Thank you very much for your positive comments and suggestions！Indeed, we have used deconvolution methods to incorporate the spinal snRNA-seq and spatial transcriptomics data.

Reviewer #3 (Public Review):

Summary:

Zhang et al sought to use spatial transcriptomics and single-nucleus RNA sequencing to classify human spinal cord neurons. The authors reported 17 clusters on 10x

Visium slides (6 donors) and 21 clusters by single-nucleus sequencing (9 donors). The authors tried to compare the results to those reported in mice and claimed similar patterns with some differing genes.

Strengths:

The manuscript provides a valuable database for the molecular and cellular organization of adult human spinal cords in addition to published datasets (Andersen, et al. 2023; Yadav, et al. 2023).

Weaknesses:

The results are largely observatory and lack quantitative analysis. Moreover, the assertions regarding the sex differences in motor neurons and the potential interactions between DRG and spinal cord neuronal subclusters appear preliminary and necessitate more rigorous validation.

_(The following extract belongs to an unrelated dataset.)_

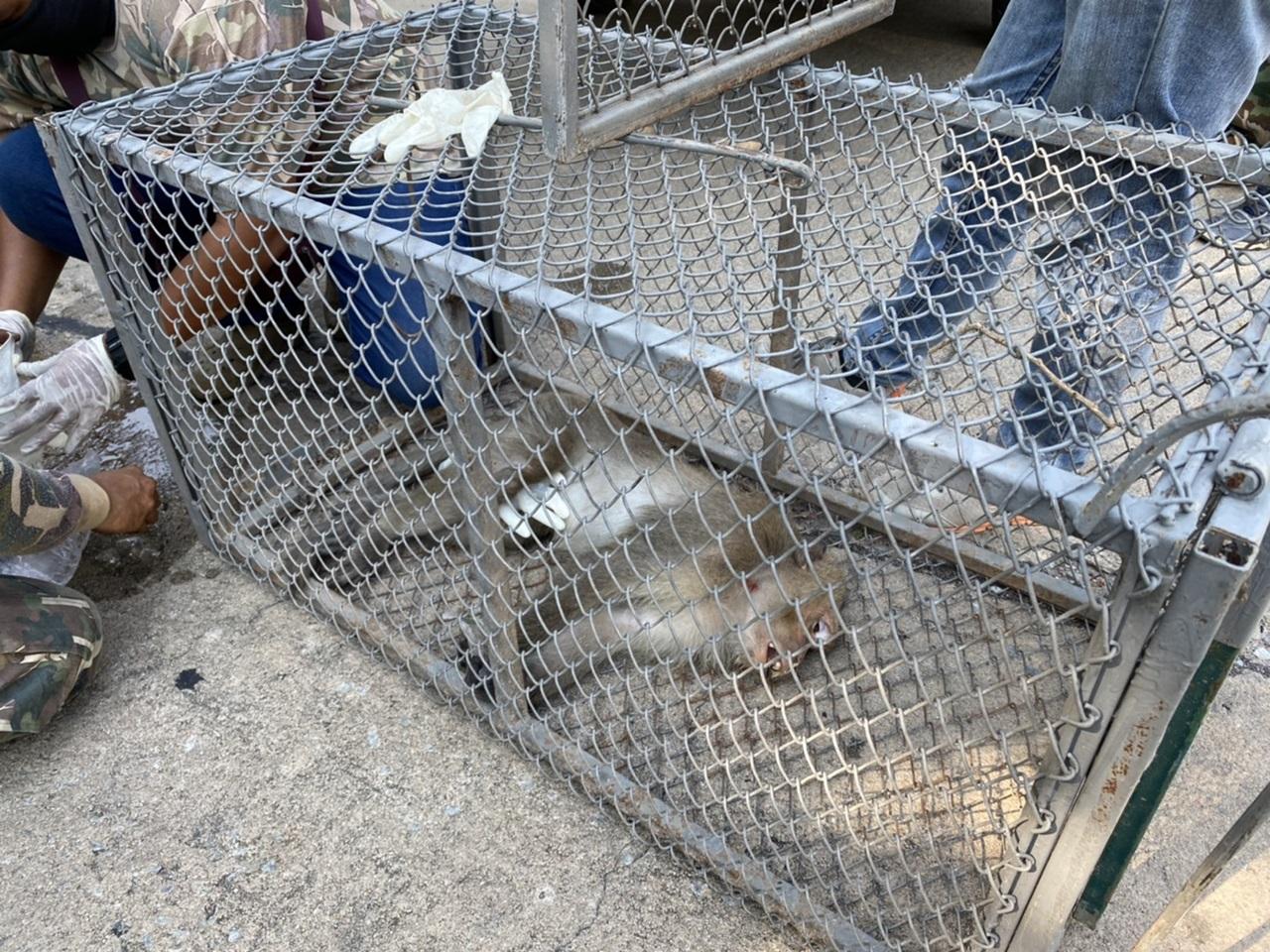เมื่อไปถึงพบเจ้าลิงแสม เพศผู้ อายุประมาณ 2 ปี กำลังแอบเข้าไปขโมยทุเรียน ไข่ไก่ ภายในบ้านของชาวบ้าน เจ้าหน้าที่จึงล้อมจับ แต่เจ้าลิงแสมเกิดไหวตัวทัน วิ่งหนีปีนขึ้นหลังคาทั่วหมู่บ้าน จนกระทั่งหลบหนีเข้าไปจนมุมที่อาคารของบริษัทเทพประสิทธิ์ มาร์เก็ตติ้ง จำกัด

Thank you very much! We have provided the quantitative analysis of the differential expression of SCN10A in male and female spinal cord motor neurons. Our sequencing data revealed putative projections from DRG to spinal neuronal types, which may be an important future direction for research on sensory transduction. We did not use animal models to verify these interactions between DRG and spinal cord neuronal subclusters, which is a major limitation in our study. Nevertheless, our analysis results will provide an important resource for future research to investigate the molecular mechanism underlying spinal cord physiology and diseases.